On 27th June, a pro-Palestine community picket was held by Weapons Out of the West in Belmore to protest against the genocide in Gaza. Police arrested five protesters at the scene.
The protest took place at 2:30am outside SEC Plating, a Western Sydney-based company that makes components for F-35 fighter jets and other weapons.
The group stopped workers from entering the building on Lakemba Street for two hours and occupied the site for three hours before being forced off the site by police. The picketers had received a tip-off from a SEC Plating worker about the company’s start time.
Police gave protesters the order to move on, claiming that the protest was unauthorised.
Recent changes introduced by the Minns government allow police to issue move-on directions to protesters if they are near a place of worship. SEC Plating is located opposite Teebah Islamic Association Mosque on Lakemba St.
The NSW government website specifies that this law is intended to “regulate protests that aim to intimidate or prevent religious people from practicing their faith in NSW”.
The Sydney Morning Herald (SMH) investigated the incident and found that police initially issued a move-on direction under the allegation that the protest was unauthorised and would cause “fear and alarm”.
According to the SMH, police arrested a protester for failing to comply with the direction immediately after the protester “walked across the road to the opposite side of SEC Plating which is a place of worship”.
Greens candidate Hannah Thomas was present and beaten by police. Thomas was hospitalised with severe injury to her eye and face, and her lawyers have said she is at risk of losing sight in her eye.
Police said that she was arrested for not complying with the move-on direction. On 29th June, Thomas was charged with resisting police and failing to comply with a direction to disperse.
According to WOW, medics were prevented by police from providing first aid to Thomas, and police said to Thomas regarding the severity of her injuries, “That’s on you”.

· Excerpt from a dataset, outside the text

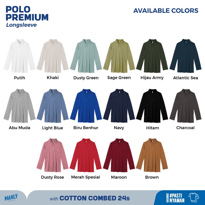 Kaos Polo Lengan Panjang Premium ini menawarkan kenyamanan maksimal berkat penggunaan bahan <strong class="highlight">100% Full Cotton Combed 24s</strong> dengan gramasi ideal 190-200 gr/m. Cocok untuk kebutuhan gaya kasual sehari-hari yang menuntut kenyamanan superior tanpa mengorbankan penampilan profesional. Dengan rating tinggi dan penjualan yang solid, produk ini menjadi pilihan andalan untuk pakaian harian pria.

Another protester was strip-searched and arrested at the scene. No incriminating items were found on their person.
Arrested protester Zack Schofield, said in a statement “Minns can’t arrest his way out of the people objecting to genocide and the complicity of Australia in this. The excessive force used by police was brutal and will be put into question.”
Another protester commented “This is how the prison colony upholds itself. A company heading towards insolvency and cowering from an angry community calls on the violence of the state to protect itself, and that state readily sends in the goon squad.
“This will not deter us. We refuse the funding, arming, and support of the zionist entity in our communities.”
In a media release, Weapons Out of the West stated “As the brutality of the imperialist project escalates, so too do our means of resistance. We recognise ourselves as a small part of this ecosystem which is directly confronting the genocidal infrastructure.”
O’Brien Criminal & Civil Solicitors, who are representing the protesters in court, gave a statement on the aftermath of the protest.
Principal solicitor Peter O’Brien said “Given that recent changes in the law in relation to protests have attempted to expand police powers to give directions, now subject to constitutional challenge, police may well have felt emboldened to act without proper and lawful acknowledgment of the right to protest.
“The government was warned that these changes to expand police powers to disperse protestors could lead to serious and ugly confrontations. Those warnings have now rung true.
“Hannah Thomas has sustained a serious and potentially life-altering injury as a result of her interaction with police at the protest. In a democratic society, no individual should suffer injury at the hands of law enforcement merely for exercising their lawful right to protest.”
The five arrested protesters were granted bail and will appear at Bankstown Local Court on 15th July.